- [Required action]: Lines from the one containing "為深入學習貫徹習近平總(zǒ" through the end of the listing are what is wanted, given again exactly with both ends included and pictures left out.

- [Source material]:
┏━━

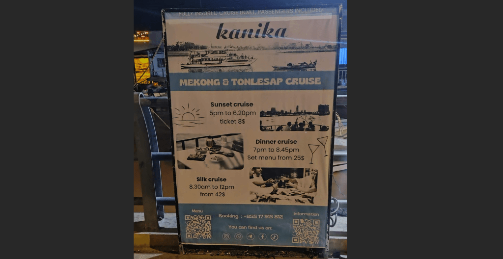 One of the highly recommended cruise options, I discovered it while strolling on Sisowath Quay. Substantially cheaper prices if you book sunset cruise or dinner and yet has great reviews on google. I personally did not go for the cruise, however for an illustration, they charge 8$ for sunset cruise with dinner. The same was 15$ at Onederz, probably by a different company.
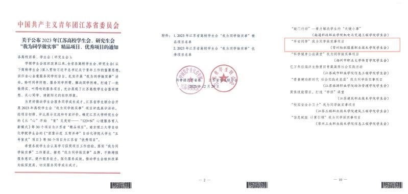 為深入學習貫徹習近平總(zǒng)書記關於青年工(gōng)作的(de)重(chóng)要思想(xiǎng),推動學生會回歸全心全意服務同學的宗旨,鞏固學聯學生會改革成果,近期,江(jiāng)蘇省學生聯合會開展(zhǎn)“我為同學做實事”項目(mù)展示評選活動,常(cháng)州紡織服裝職業技術學院(yuàn)校學生會《“早安同學”我為同學(xué)做(zuò)實事項目》入選2023年江蘇(sū)省(shěng)高校學(xué)生會(huì)“我為同學(xué)做實事”優秀項目。
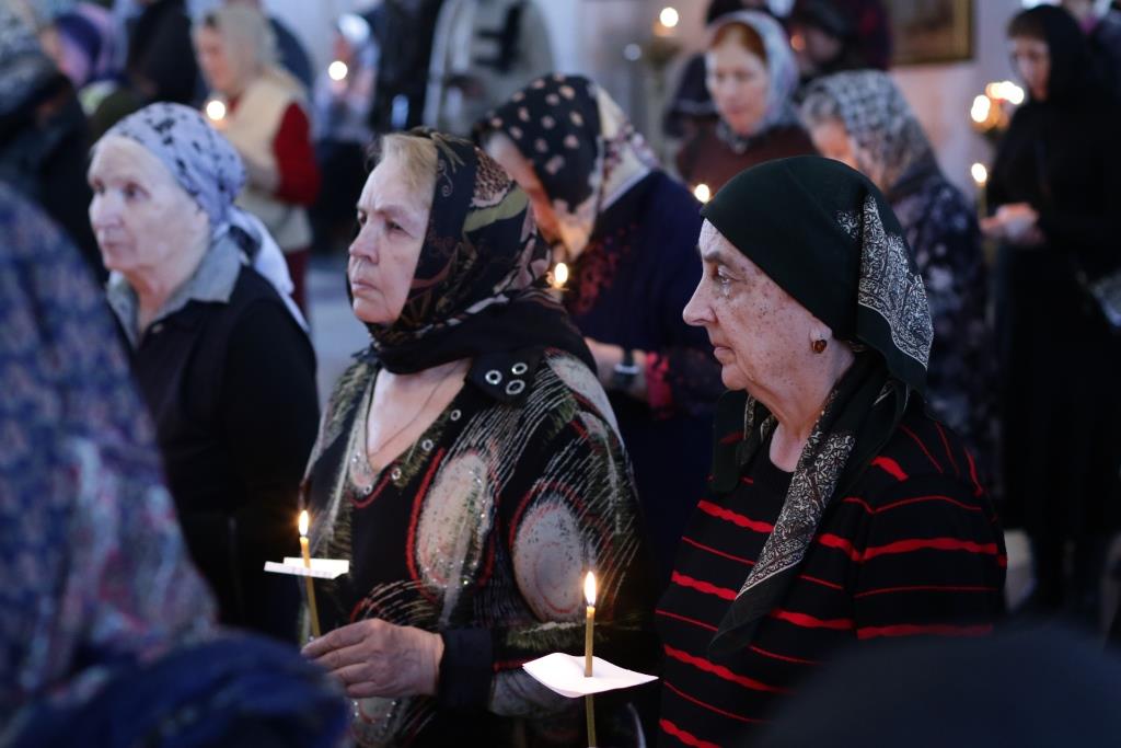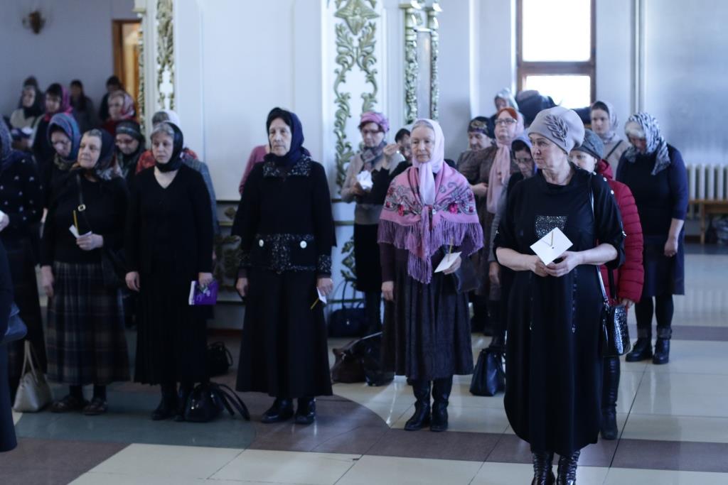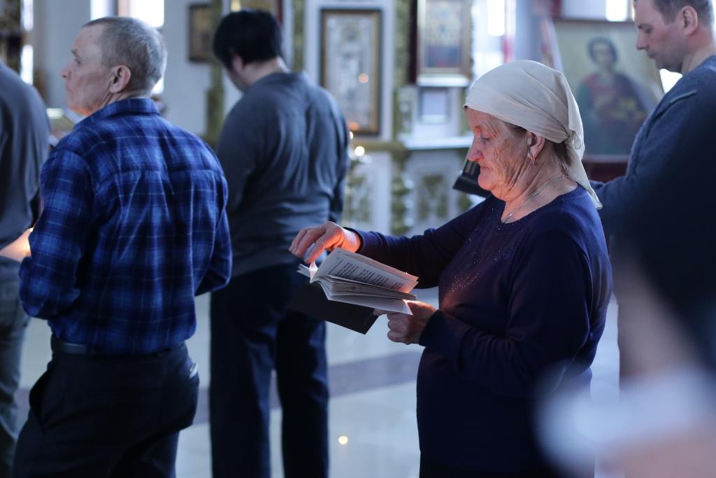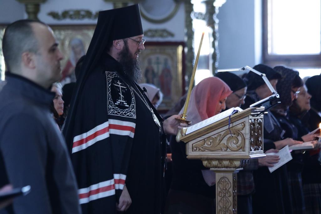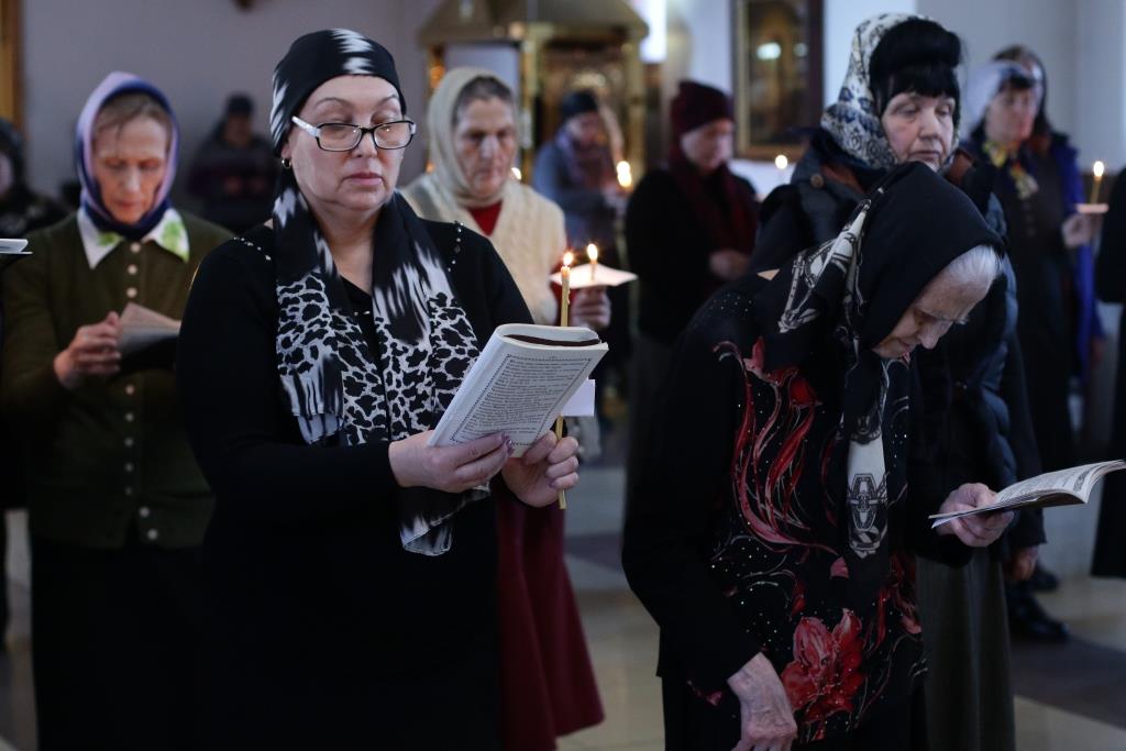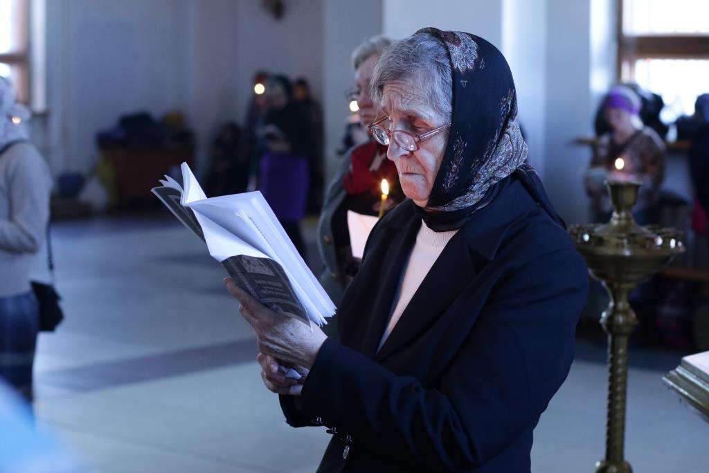 За великопостным Богослужением молились клирики и прихожане Андреевского собора, сотрудники епархиального управления, братия Свято-Троицкого мужского монастыря. Песнопения повечерия исполнял хор Андреевского кафедрального собора под управлением регента Н. Романцовой.

┗━━

- [Written response]:
 為深入學習貫徹習近平總(zǒng)書記關於青年工(gōng)作的(de)重(chóng)要思想(xiǎng),推動學生會回歸全心全意服務同學的宗旨,鞏固學聯學生會改革成果,近期,江(jiāng)蘇省學生聯合會開展(zhǎn)“我為同學做實事”項目(mù)展示評選活動,常(cháng)州紡織服裝職業技術學院(yuàn)校學生會《“早安同學”我為同學(xué)做(zuò)實事項目》入選2023年江蘇(sū)省(shěng)高校學(xué)生會(huì)“我為同學(xué)做實事”優秀項目。
 За великопостным Богослужением молились клирики и прихожане Андреевского собора, сотрудники епархиального управления, братия Свято-Троицкого мужского монастыря. Песнопения повечерия исполнял хор Андреевского кафедрального собора под управлением регента Н. Романцовой.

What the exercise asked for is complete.